Eventually, the district could offer third- and fourth-level courses, Holmes said.
The district's school board voted last week to authorize Holmes to finalize an agreement with the Strand-Capitol Performing Arts Center, which is partnering with the district to coordinate the program.
"The most important thing is that we would like this to be a premier component of our high school, as it used to be. We want to bring that back. We want to give students a reason to come to York High," Holmes told the board.
New life: In 2011, the school board cut the high school's Performing Arts Institute from the district's budget to save money.
The institute had been a part of the high school's elective curriculum for about 25 years, Holmes said.
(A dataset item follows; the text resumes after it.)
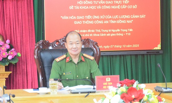 HỌP HỘI ĐỒNG TƯ VẤN GIAO TRỰC TIẾP ĐỀ TÀI KHOA HỌC VÀ CÔNG NGHỆ CẤP CƠ SỞ “VĂN HOÁ GIAO TIẾP, ỨNG XỬ CỦA LỰC LƯỢNG CẢNH SÁT GIAO THÔNG TỈNH ĐỒNG NAI”
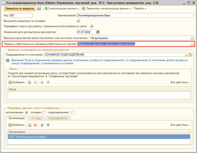 В текущих правилах обмена/выгрузки учтена выгрузка "Себестоимости" для документа "Комплектация номенклатуры", что было не реализовано разработчиками, когда в настройках обмена установлено "Перенос себестоимости списания (себестоимость партий)" в значение "Переносить документ партии и себестоимость".

Soon afterward, New Hope Academy Charter School partnered with the Strand to implement its own performing-arts program.
New Hope will close in June, however, because its charter was revoked by the district.
For a cost of about $300,000, district officials are planning to resurrect the institute in the fall.
Ken Wesler, the Strand's executive director, addressed the board at an earlier meeting.
Wesler said he envisions a curriculum designed to accommodate students who want to pursue the arts as a career and those students who simply have an interest in performance.
In the future: Plans are in the works for both a fall play and a spring musical planned and performed by students taking the arts classes, Wesler said.
There will also be special workshops and mentoring, he said.
Classes will be held at both the high school and the Strand.
Holmes said he is working now to finalize the district's partnership agreement with the Strand.
When that is done, the district will start hiring staff for the program, he said.
Margie Orr, the school board president, said she's looking forward to the program's return.
"Bringing this back is going to bring joy to a lot of our children," she said.